= WHAT TO PRODUCE =
Please give every record below again exactly, and keep the pictures out.

SUPPLIED MATERIAL section start

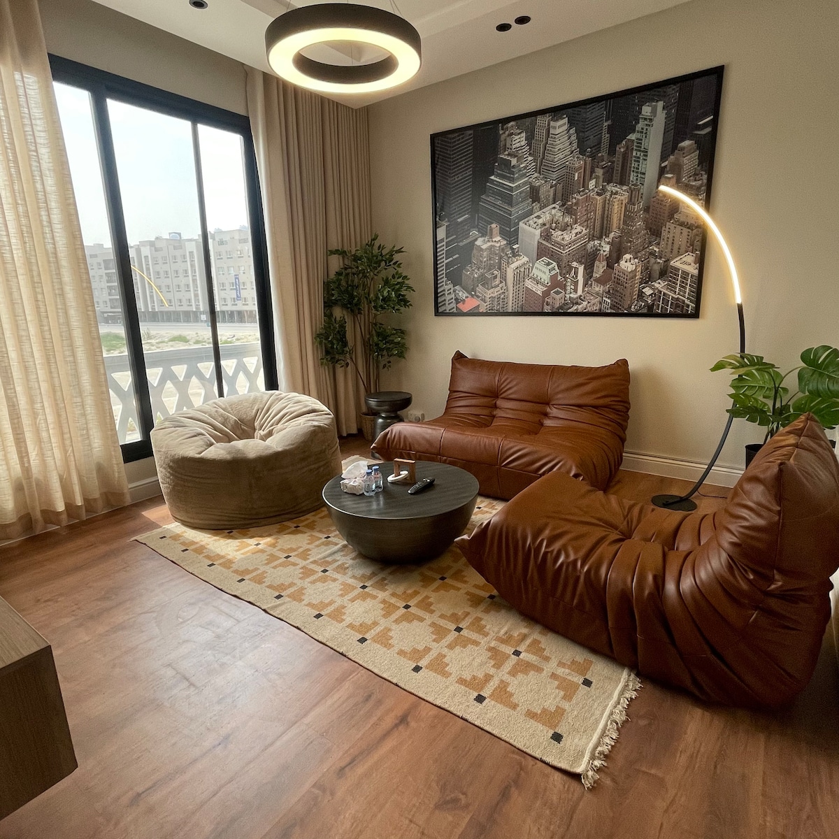 يتميز مكان الإقامة بتصميمه العصري الدافئ الذي يجمع بين البساطة والفخامة في آن واحد تطل النوافذ الكبيرة على منظر هادئ يضيف لمسة طبيعية منعشة، بينما توفر الستائر السميكة خصوصية تامة عند الحاجة. الغرف مزودة بجميع وسائل الراحة الأساسية، ومنطقة الجلوس أنيقة مثالية للقراءة أو الاسترخاء أما الحمام، فهو مصمم بأسلوب راقٍ، مزود بتجهيزات ولمسات فندقية تضمن تجربة مريحة. تتميز المساحة بنظافتها الفائقة وتنظيمها العملي، مما يجعل الإقامة تجربة هادئة تمنح الضيوف شعورًا بالاستجمام والرفاهي
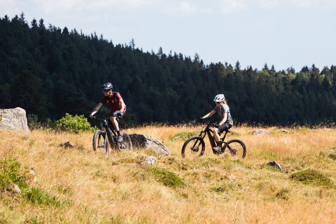 Après une montée au cours de laquelle vous pourrez admirer la canopée de nos forêts, vous débarquerez à 1180m d’altitude. En haut du télésiège, 3 balades avec retour station et 1 balade avec retour par télésiège vous seront proposées : lac de montagne, tourbière, sommets...
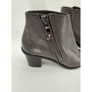 Frye Brielle Side Zip Peep Toe Bootie in Gray Leather Woman's US Size 7.5 EUC
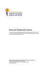 Early and Adolescent Literacy This report summarizes the activities funded by the state budget, Chapter 68 of the Acts of 2011, line item 7010-0033 for literacy and early literacy programs. The report covers activities through February 2012. Massachusetts Department of Elementary and Secondary Education 75 Pleasant Street, Malden, MA 02148-4906 Phone 781-338-3000 TTY: N.E.T. Relay 800-439-2370 www.doe.mass.edu This document was prepared by the Massachusetts Department of Elementary and Secondary Education Mitchell D. Chester, Ed.D. Commissioner Board of Elementary and Secondary Education Members Ms. Maura Banta, Chair, Melrose Dr. Vanessa Calderón-Rosado, Milton Ms. Harneen Chernow, Jamaica Plain Mr. Gerald Chertavian, Cambridge Mr. Matthew Gifford, Chair, Student Advisory Council, Malden Ms. Beverly Holmes, Springfield Dr. Jeff Howard, Reading Ms. Ruth Kaplan, Brookline Dr. Dana Mohler-Faria, Bridgewater Mr. Paul Reville, Secretary of Education, Worcester Mr. David Roach, Malden Mitchell D. Chester, Ed.D., Commissioner and Secretary to the Board The Massachusetts Department of Elementary and Secondary Education, an affirmative action employer, is committed to ensuring that all of its programs and facilities are accessible to all members of the public. We do not discriminate on the basis of age, color, disability, gender identity, national origin, race, religion, sex or sexual orientation. Inquiries regarding the Department’s compliance with Title IX and other civil rights laws may be directed to the Human Resources Director, 75 Pleasant St., Malden, MA 02148-4906. Phone: 781-338-6105. © 2010 Massachusetts Department of Elementary and Secondary Education Permission is hereby granted to copy any or all parts of this document for non-commercial educational purposes. Please credit the “Massachusetts Department of Elementary and Secondary Education.” This document printed on recycled paper Massachusetts Department of Elementary and Secondary Education 75 Pleasant Street, Malden, MA 02148-4906 Phone 781-338-3000 TTY: N.E.T. Relay 800-439-2370 www.doe.mass.edu Massachusetts Department of Elementary and Secondary Education 75 Pleasant Street, Malden, Massachusetts 02148-4906 Telephone: (781) 338-3000 TTY: N.E.T. Relay 1-800-439-2370 Mitchell D. Chester, Ed.D. Commissioner December 2012 To Members of the Legislature and Interested Parties: I am pleased to present to you the report on the Department’s initiatives in early and adolescent literacy funded by the state budget, Chapter 68 of the Acts of 2011, line item 7010-0033. The Department used these funds to provide grants to school districts to improve literacy instruction. In addition, these funds enabled the Department to develop and publish literacy resources used throughout the Commonwealth and to convene statewide and regional conferences for educators. These funds played a particularly crucial role as districts aligned their curricula to the challenging college and career readiness standards of the 2011 Massachusetts Curriculum Framework for English Language Arts and Literacy, incorporating the Common Core State Standards. I want to thank the members of the Legislature for their continued support of higher levels of literacy in the Commonwealth. Sincerely, Mitchell D. Chester, Ed.D. Commissioner of Elementary and Secondary Education Table of Contents I. Overview of Line Item 7010-0033 – Literacy and Early Literacy Programs ........... 1 II. Grant Program for Literacy Professional Development ......................................... 2 III. Statewide and Regional Professional Development Programs and Resources . 4 A. Statewide Professional Development Meetings ................................................... 5 B. Regional Professional Development Meetings..................................................... 5 C. Development of Literacy Resources .................................................................... 5 IV. Evaluation of the Literacy and Early Literacy Programs ...................................... 6 A. Findings from the FY2011 Grants ....................................................................... 6 i. Participant Feedback ........................................................................................ 6 ii. Impact on Students .......................................................................................... 7 B. FY2012 Evaluation Approach………………………………………………… .….....9 V. Conclusion ................................................................................................................ 9 Appendix – FY2012 Literacy Partnership Grant Award Details ............................... 11 I. Overview of Line Item 7010-0033 – Literacy and Early Literacy Programs The Department of Elementary and Secondary Education respectfully submits this Report to the Legislature for line item 7010-0033: For literacy and early literacy programs; provided, that these programs shall provide ongoing evaluation of the outcomes thereof; provided further, that programs receiving funding through this item shall document the outcomes of evaluations; provided further, that evaluations shall be compared to measurable goals and benchmarks that shall be developed by the department; and provided further, that programs receiving funds from this item shall provide to the department, the house and senate committees on ways and means and the joint committee on education, an annual report detailing program success in meeting measurable goals and benchmarks … $3,147,940 After joining the Department of Elementary and Secondary Education (Department) in May 2008, Commissioner Mitchell Chester undertook a significant reorganization of the Department, a key feature of which was the creation of a Center for Curriculum and Instruction. On numerous occasions, Commissioner Chester has stated that he views the Center as the hub of the Department’s efforts. Essential to the Center’s mis
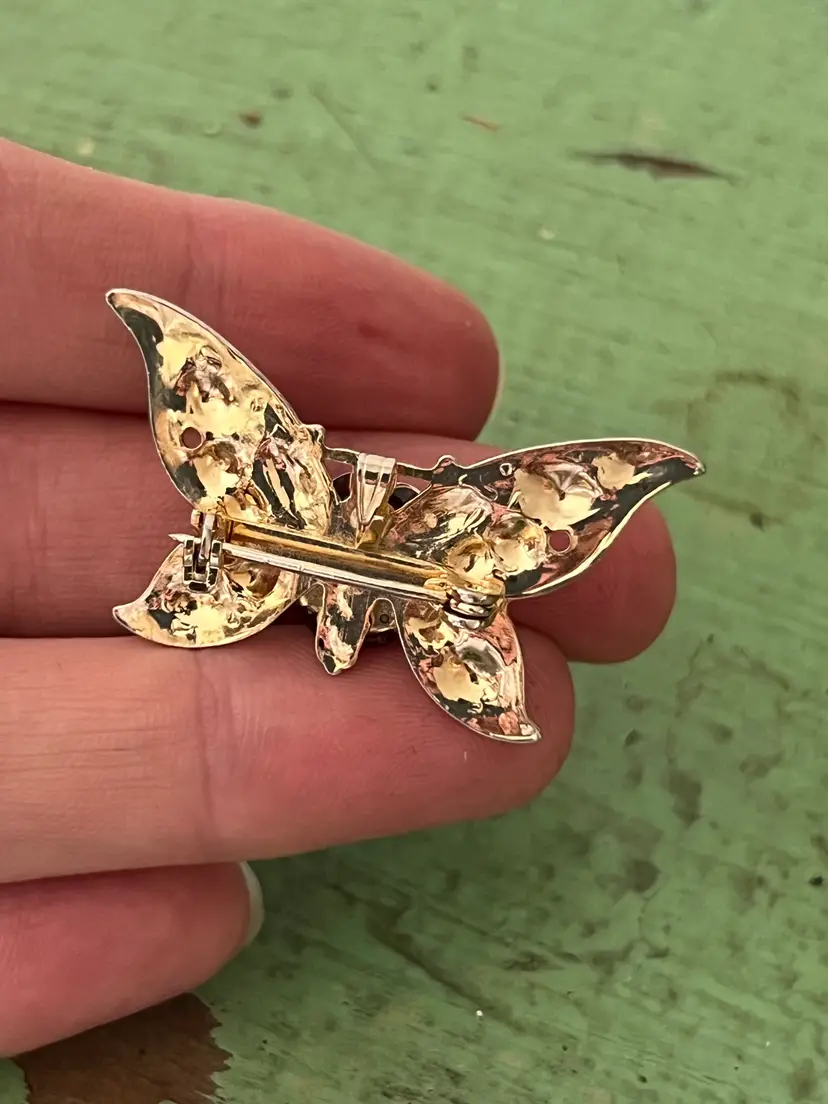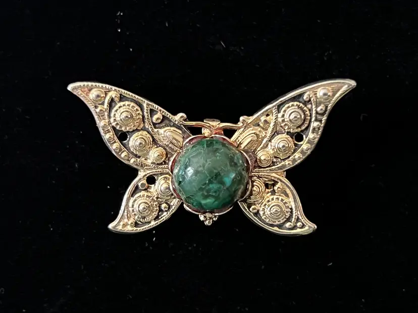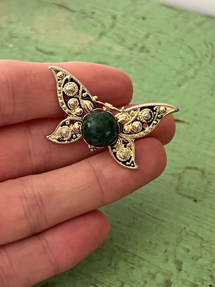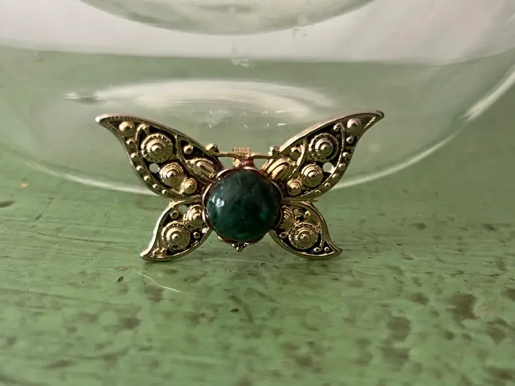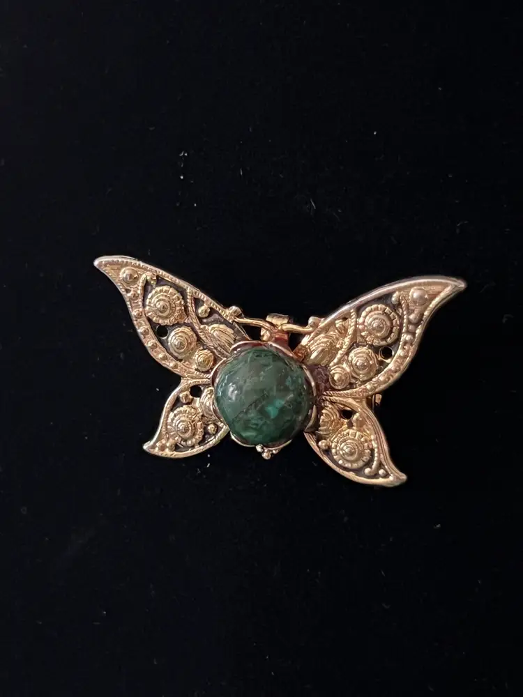 Vintage gold tone butterfly brooch with a green variegated stone. No noted flaws. 1.5" x 1"
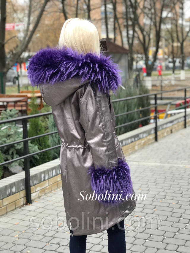 Чудова парку з хутром рідкісного виду єнота-альбіноса (білий з довгим ворсом хутро) і отстежкой на стаціонарний жилетка з капюшоном. Верх парки виконаний з водовідштовхувального плащівки, довжина 85/95см. Поєднання з фіолетовим кольором хутра робить парку такою стильною і яскравою, всі хто її бачить -закохуються!
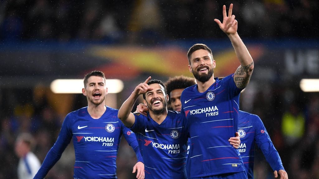 Olivier Giroud ja Pedro juonivat Chelsean 1-0-johtoon jalkapallon Eurooppa-liigan neljännesvälierien avausottelussa Dynamo Kiovaa vastaan torstaina.
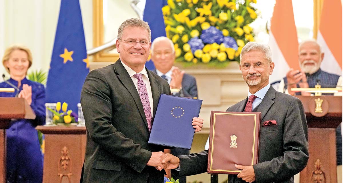 స్వేచ్ఛా వాణిజ్య ఒప్పందంపై చర్చలు ముగిసినట్లు సంయుక్త ప్రకటనపై వాణిజ్య శాఖ మంత్రి పీయూశ్ గోయల్, యురోపియన్ వాణిజ్య, ఆర్థిక భద్రతా వ్యవహారాల కమిషనర్ మార్కోస్ సెఫ్కొవిక్లు మంగళవారం సంతకాలు చేశారు. ప్రధాని నరేంద్ర మోడీ, ఇయు కమిషన్ అధ్యక్షురాలు ఉర్సులా వాన్ డెర్ లేయన్, యురోపియన్ కౌన్సిల్ అధ్యక్షుడు ఆంటానియో కోస్టాల సమక్షంలో ఈ సంతకాల కార్యక్రమం జరిగింది.

SUPPLIED MATERIAL section end

= SOLUTION =
 يتميز مكان الإقامة بتصميمه العصري الدافئ الذي يجمع بين البساطة والفخامة في آن واحد تطل النوافذ الكبيرة على منظر هادئ يضيف لمسة طبيعية منعشة، بينما توفر الستائر السميكة خصوصية تامة عند الحاجة. الغرف مزودة بجميع وسائل الراحة الأساسية، ومنطقة الجلوس أنيقة مثالية للقراءة أو الاسترخاء أما الحمام، فهو مصمم بأسلوب راقٍ، مزود بتجهيزات ولمسات فندقية تضمن تجربة مريحة. تتميز المساحة بنظافتها الفائقة وتنظيمها العملي، مما يجعل الإقامة تجربة هادئة تمنح الضيوف شعورًا بالاستجمام والرفاهي
 Après une montée au cours de laquelle vous pourrez admirer la canopée de nos forêts, vous débarquerez à 1180m d’altitude. En haut du télésiège, 3 balades avec retour station et 1 balade avec retour par télésiège vous seront proposées : lac de montagne, tourbière, sommets...
 Frye Brielle Side Zip Peep Toe Bootie in Gray Leather Woman's US Size 7.5 EUC
 Early and Adolescent Literacy This report summarizes the activities funded by the state budget, Chapter 68 of the Acts of 2011, line item 7010-0033 for literacy and early literacy programs. The report covers activities through February 2012. Massachusetts Department of Elementary and Secondary Education 75 Pleasant Street, Malden, MA 02148-4906 Phone 781-338-3000 TTY: N.E.T. Relay 800-439-2370 www.doe.mass.edu This document was prepared by the Massachusetts Department of Elementary and Secondary Education Mitchell D. Chester, Ed.D. Commissioner Board of Elementary and Secondary Education Members Ms. Maura Banta, Chair, Melrose Dr. Vanessa Calderón-Rosado, Milton Ms. Harneen Chernow, Jamaica Plain Mr. Gerald Chertavian, Cambridge Mr. Matthew Gifford, Chair, Student Advisory Council, Malden Ms. Beverly Holmes, Springfield Dr. Jeff Howard, Reading Ms. Ruth Kaplan, Brookline Dr. Dana Mohler-Faria, Bridgewater Mr. Paul Reville, Secretary of Education, Worcester Mr. David Roach, Malden Mitchell D. Chester, Ed.D., Commissioner and Secretary to the Board The Massachusetts Department of Elementary and Secondary Education, an affirmative action employer, is committed to ensuring that all of its programs and facilities are accessible to all members of the public. We do not discriminate on the basis of age, color, disability, gender identity, national origin, race, religion, sex or sexual orientation. Inquiries regarding the Department’s compliance with Title IX and other civil rights laws may be directed to the Human Resources Director, 75 Pleasant St., Malden, MA 02148-4906. Phone: 781-338-6105. © 2010 Massachusetts Department of Elementary and Secondary Education Permission is hereby granted to copy any or all parts of this document for non-commercial educational purposes. Please credit the “Massachusetts Department of Elementary and Secondary Education.” This document printed on recycled paper Massachusetts Department of Elementary and Secondary Education 75 Pleasant Street, Malden, MA 02148-4906 Phone 781-338-3000 TTY: N.E.T. Relay 800-439-2370 www.doe.mass.edu Massachusetts Department of Elementary and Secondary Education 75 Pleasant Street, Malden, Massachusetts 02148-4906 Telephone: (781) 338-3000 TTY: N.E.T. Relay 1-800-439-2370 Mitchell D. Chester, Ed.D. Commissioner December 2012 To Members of the Legislature and Interested Parties: I am pleased to present to you the report on the Department’s initiatives in early and adolescent literacy funded by the state budget, Chapter 68 of the Acts of 2011, line item 7010-0033. The Department used these funds to provide grants to school districts to improve literacy instruction. In addition, these funds enabled the Department to develop and publish literacy resources used throughout the Commonwealth and to convene statewide and regional conferences for educators. These funds played a particularly crucial role as districts aligned their curricula to the challenging college and career readiness standards of the 2011 Massachusetts Curriculum Framework for English Language Arts and Literacy, incorporating the Common Core State Standards. I want to thank the members of the Legislature for their continued support of higher levels of literacy in the Commonwealth. Sincerely, Mitchell D. Chester, Ed.D. Commissioner of Elementary and Secondary Education Table of Contents I. Overview of Line Item 7010-0033 – Literacy and Early Literacy Programs ........... 1 II. Grant Program for Literacy Professional Development ......................................... 2 III. Statewide and Regional Professional Development Programs and Resources . 4 A. Statewide Professional Development Meetings ................................................... 5 B. Regional Professional Development Meetings..................................................... 5 C. Development of Literacy Resources .................................................................... 5 IV. Evaluation of the Literacy and Early Literacy Programs ...................................... 6 A. Findings from the FY2011 Grants ....................................................................... 6 i. Participant Feedback ........................................................................................ 6 ii. Impact on Students .......................................................................................... 7 B. FY2012 Evaluation Approach………………………………………………… .….....9 V. Conclusion ................................................................................................................ 9 Appendix – FY2012 Literacy Partnership Grant Award Details ............................... 11 I. Overview of Line Item 7010-0033 – Literacy and Early Literacy Programs The Department of Elementary and Secondary Education respectfully submits this Report to the Legislature for line item 7010-0033: For literacy and early literacy programs; provided, that these programs shall provide ongoing evaluation of the outcomes thereof; provided further, that programs receiving funding through this item shall document the outcomes of evaluations; provided further, that evaluations shall be compared to measurable goals and benchmarks that shall be developed by the department; and provided further, that programs receiving funds from this item shall provide to the department, the house and senate committees on ways and means and the joint committee on education, an annual report detailing program success in meeting measurable goals and benchmarks … $3,147,940 After joining the Department of Elementary and Secondary Education (Department) in May 2008, Commissioner Mitchell Chester undertook a significant reorganization of the Department, a key feature of which was the creation of a Center for Curriculum and Instruction. On numerous occasions, Commissioner Chester has stated that he views the Center as the hub of the Department’s efforts. Essential to the Center’s mis
 Vintage gold tone butterfly brooch with a green variegated stone. No noted flaws. 1.5" x 1"
 Чудова парку з хутром рідкісного виду єнота-альбіноса (білий з довгим ворсом хутро) і отстежкой на стаціонарний жилетка з капюшоном. Верх парки виконаний з водовідштовхувального плащівки, довжина 85/95см. Поєднання з фіолетовим кольором хутра робить парку такою стильною і яскравою, всі хто її бачить -закохуються!
 Olivier Giroud ja Pedro juonivat Chelsean 1-0-johtoon jalkapallon Eurooppa-liigan neljännesvälierien avausottelussa Dynamo Kiovaa vastaan torstaina.
 స్వేచ్ఛా వాణిజ్య ఒప్పందంపై చర్చలు ముగిసినట్లు సంయుక్త ప్రకటనపై వాణిజ్య శాఖ మంత్రి పీయూశ్ గోయల్, యురోపియన్ వాణిజ్య, ఆర్థిక భద్రతా వ్యవహారాల కమిషనర్ మార్కోస్ సెఫ్కొవిక్లు మంగళవారం సంతకాలు చేశారు. ప్రధాని నరేంద్ర మోడీ, ఇయు కమిషన్ అధ్యక్షురాలు ఉర్సులా వాన్ డెర్ లేయన్, యురోపియన్ కౌన్సిల్ అధ్యక్షుడు ఆంటానియో కోస్టాల సమక్షంలో ఈ సంతకాల కార్యక్రమం జరిగింది.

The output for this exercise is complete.